Right now, I agree, that web-based simulcra of existing desktop apps are very unlikely to take off.

Why, really, would I want a web-version of Word? If I want something free, then Open Office is as good.

However, apps which are inherently social. and those which deal with online databases, are already native to the web-as-platform.

After GMail, I can't imagine a compelling reason to switch back to non-web-based email client. Nor an offline blog editor etc.

So I think we *will* see a sudden and dramatic shift to web-based applications, particularly in the enterprise, but it's going to be accompanied by a sudden shift to a whole new way of working with new tools. Not a web way to handle Word and Excel files, but a realization that in the age of blogs and WikiCalc we don't actually *need* Word files and Excel spread-sheets 99.99% of the time.

Unlike you, I think this will happen, and I think it's going to switch very fast. It's not something you'll really see coming in long-term rising trends of adoption.

Word benefits from a network effect. When whatever replaces it, replaces it, a sizable chunk of the whole network will have to go almost at the same time.
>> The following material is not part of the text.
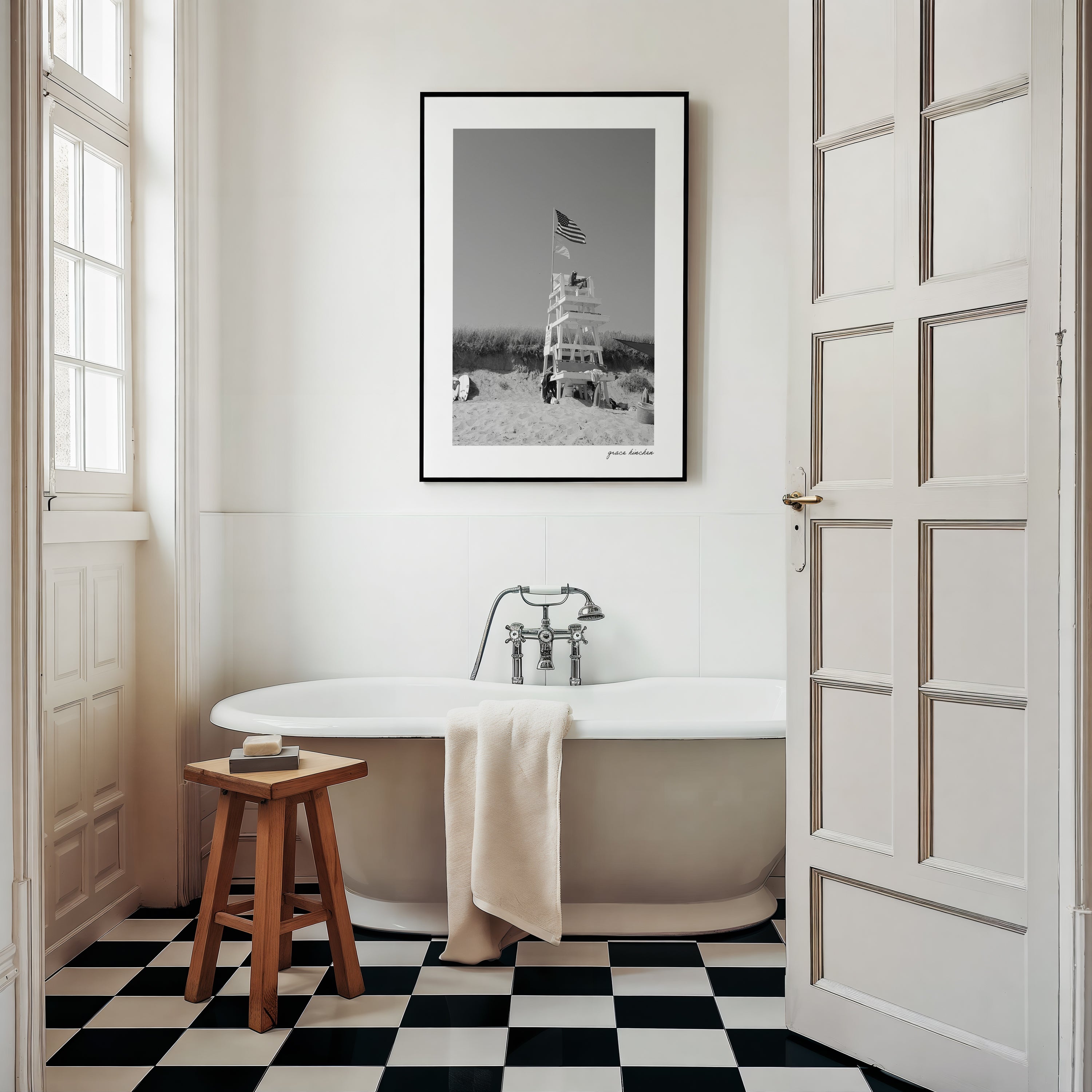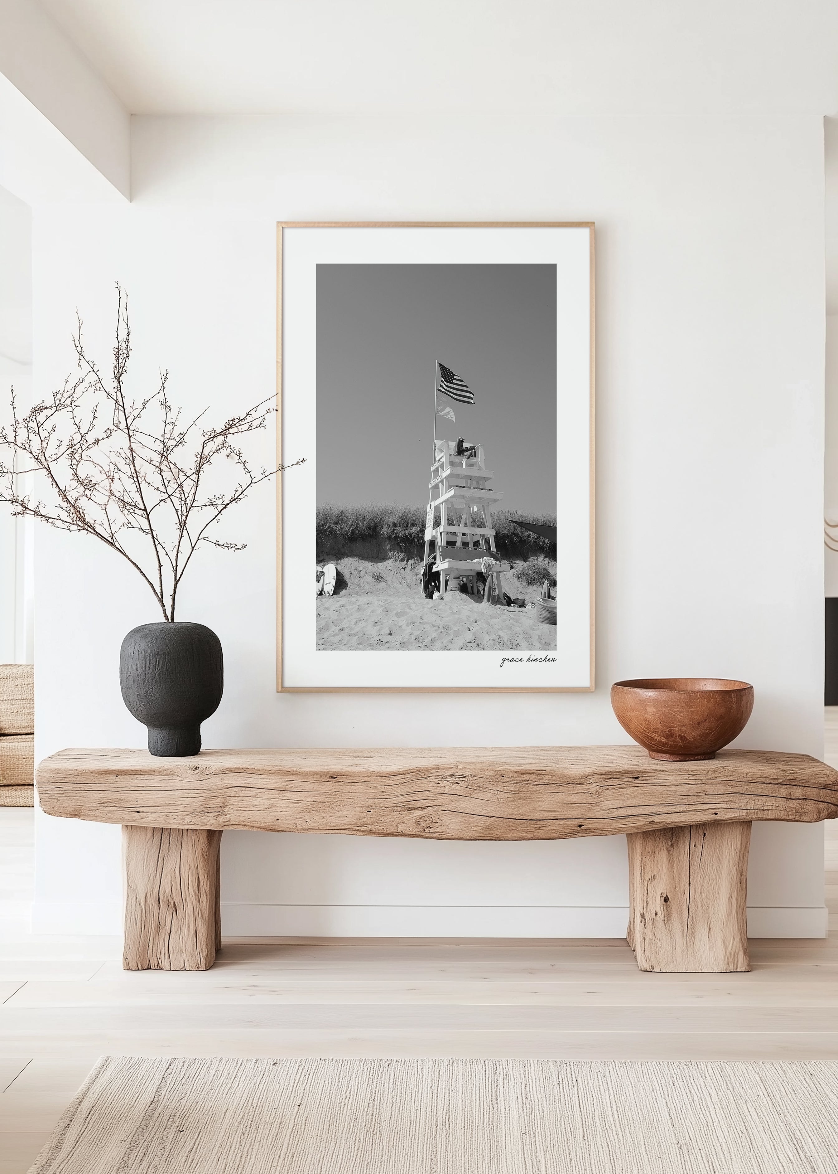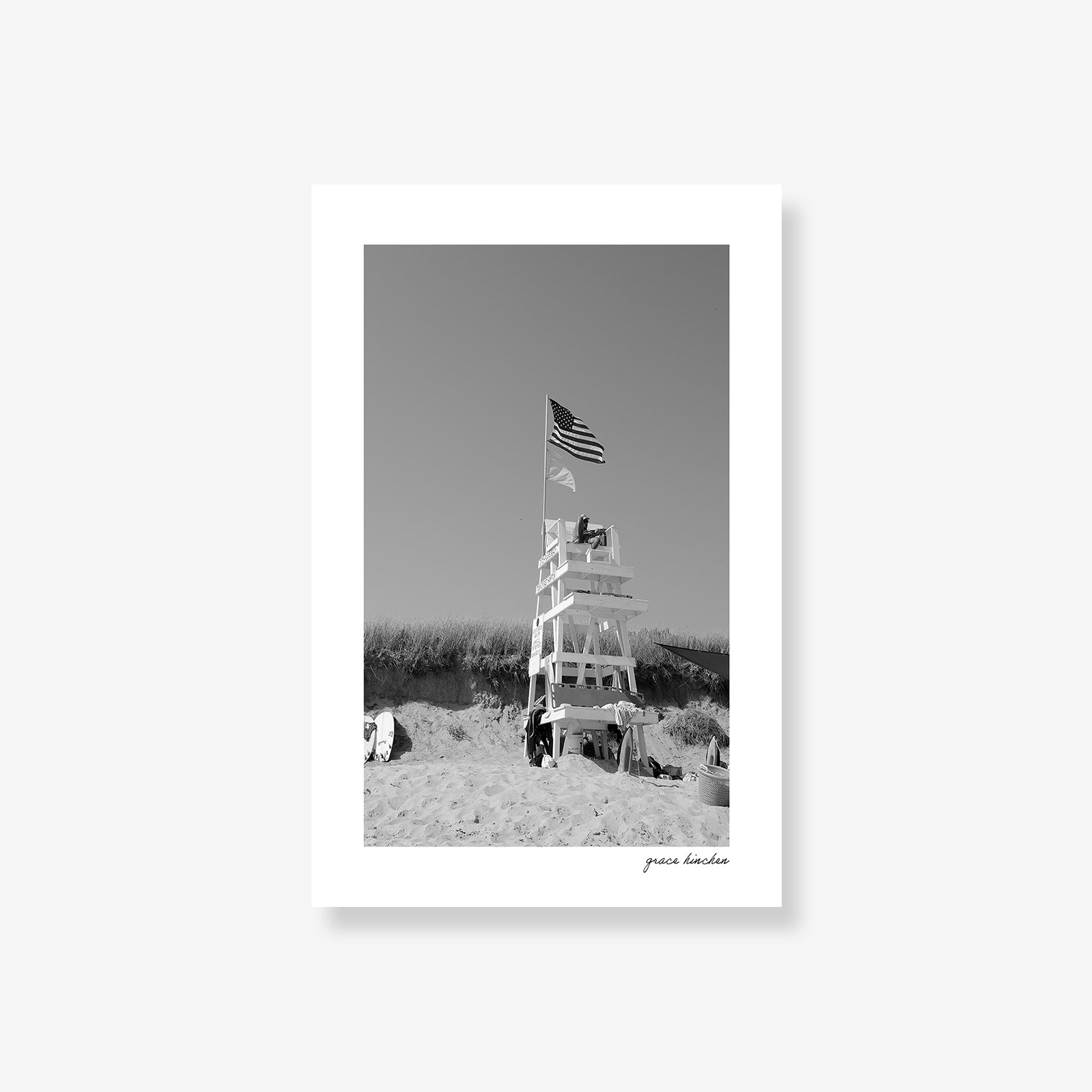 A Ditch Plains lifeguard on duty on a summer's day in Montauk. July 2023.
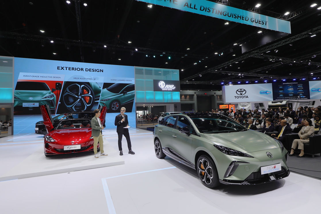 กรุงเทพฯ – 25 มีนาคม 2567 - บริษัท เอสเอไอซี มอเตอร์ – ซีพี จำกัด และ บริษัท เอ็มจี เซลส์ (ประเทศไทย) จำกัด ผู้ผลิตและผู้จำหน่ายรถยนต์เอ็มจีในประเทศไทย ฉลองครบรอบ 100 ปี พร้อมเดินหน้าสร้างสีสันวงการยานยนต์ไทย ส่งยนตรกรรมใหม่เปิดตัวต่อเนื่อง นำโดย NEW MG CYBERSTER สปอร์ตโรดสเตอร์ไฟฟ้าแบบเปิดประทุน 2 ที่นั่ง รุ่นพวงมาลัยขวา ที่เปิดตัวอย่างเป็นทางการครั้งแรกในภูมิภาคอาเซียน พร้อมด้วย แฮทช์แบ็คไฟฟ้าที่ขับสนุกและเร้าใจอย่าง NEW MG4 ELECTRIC นำโดยรุ่น XPOWER และอีก 2 รุ่นที่ผลิตภายในประเทศ กับ รุ่น STANDARD RANGE และ รุ่น LONG RANGE บิ๊กเซอร์ไพรส์ ที่เปิดโอกาสให้คนไทยได้สัมผัสและเป็นเจ้าของก่อนใคร กับ E-MPV ไซส์กลาง อย่าง NEW MG MAXUS 7 และชูความเป็นสปอร์ต คูเป้ซีดานที่แตกต่างกว่าใครกับ NEW MG5 PRO โฉมล่าสุด มาพร้อมห้องโดยสารที่กว้างที่สุดในเซกเมนต์ และการออกแบบโฉมใหม่ที่ดูโฉบเฉี่ยวกว่าเดิม พร้อมให้คนไทยพบกับ 4สุดยอดไฮไลท์เด่นและยนตรกรรมทุกรูปแบบการขับเคลื่อนจาก เอ็มจีในงาน บางกอก อินเตอร์เนชั่นแนล มอเตอร์โชว์ ครั้งที่ 45 (Motor Show 2024) ระหว่างวันที่ 27 มีนาคม ถึงวันที่ 7 เมษายนนี้ ณ บูธ เอ็มจี หมายเลข A8 อาคารชาเลนเจอร์ 3 อิมแพ็ค เมืองทองธานี

Before this, very little will show up on the radar.

I buy the web 2.5 concept, of course, but my betting is that it's going to be coming via the web-as-a-platform, rather than from desktop / machine-centric software.

So, at some point in the near future, someone will come up with a derivative of Firefox which

a) has its own local database to store as much user data as needed without creating a security holes on your computer,

and

b) can *cache* large javascript applications.

At which point what's the difference between your web 2.5 concept and the mainstream web-as-a-platform service model?

Users will go to a site, implicitly grabbing the application, which will be cached locally, along with the user's data, for offline work. The data will be synced back with the central or cloud servers whenever reconnected. Similarly, the application software will be written as if served centrally, and kept continuously updated, but will be cached locally to minimise network traffic and for offline use.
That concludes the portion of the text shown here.